Data provided:
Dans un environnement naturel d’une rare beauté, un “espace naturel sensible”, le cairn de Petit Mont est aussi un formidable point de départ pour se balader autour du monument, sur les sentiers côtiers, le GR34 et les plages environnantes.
--
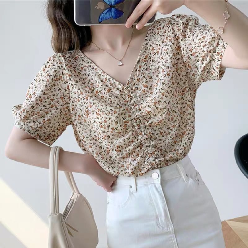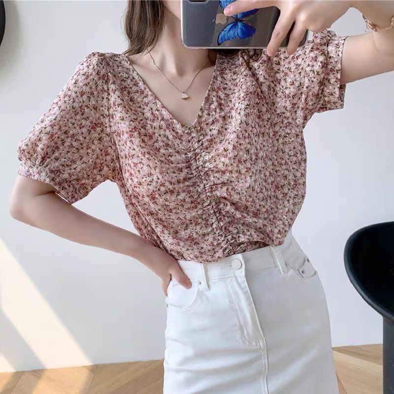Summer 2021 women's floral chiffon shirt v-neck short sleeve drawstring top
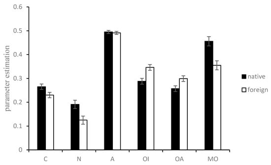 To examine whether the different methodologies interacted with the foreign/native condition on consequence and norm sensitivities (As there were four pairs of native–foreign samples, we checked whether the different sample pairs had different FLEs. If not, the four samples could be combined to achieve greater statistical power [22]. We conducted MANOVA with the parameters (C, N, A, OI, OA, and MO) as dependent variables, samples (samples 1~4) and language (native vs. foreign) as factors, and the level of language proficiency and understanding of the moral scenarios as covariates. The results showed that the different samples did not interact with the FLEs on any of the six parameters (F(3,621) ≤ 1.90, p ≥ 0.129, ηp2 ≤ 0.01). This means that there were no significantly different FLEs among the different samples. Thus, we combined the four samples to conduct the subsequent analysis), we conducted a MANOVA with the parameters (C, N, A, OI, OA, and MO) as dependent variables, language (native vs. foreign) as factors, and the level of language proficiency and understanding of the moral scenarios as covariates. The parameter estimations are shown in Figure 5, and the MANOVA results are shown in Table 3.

Exercise requirements:
Leave out the images and write out the lines above exactly, from the one with "Summer 2021 women's" up to and including the one with "To examine whether".

Response to this task:
Summer 2021 women's floral chiffon shirt v-neck short sleeve drawstring top
 To examine whether the different methodologies interacted with the foreign/native condition on consequence and norm sensitivities (As there were four pairs of native–foreign samples, we checked whether the different sample pairs had different FLEs. If not, the four samples could be combined to achieve greater statistical power [22]. We conducted MANOVA with the parameters (C, N, A, OI, OA, and MO) as dependent variables, samples (samples 1~4) and language (native vs. foreign) as factors, and the level of language proficiency and understanding of the moral scenarios as covariates. The results showed that the different samples did not interact with the FLEs on any of the six parameters (F(3,621) ≤ 1.90, p ≥ 0.129, ηp2 ≤ 0.01). This means that there were no significantly different FLEs among the different samples. Thus, we combined the four samples to conduct the subsequent analysis), we conducted a MANOVA with the parameters (C, N, A, OI, OA, and MO) as dependent variables, language (native vs. foreign) as factors, and the level of language proficiency and understanding of the moral scenarios as covariates. The parameter estimations are shown in Figure 5, and the MANOVA results are shown in Table 3.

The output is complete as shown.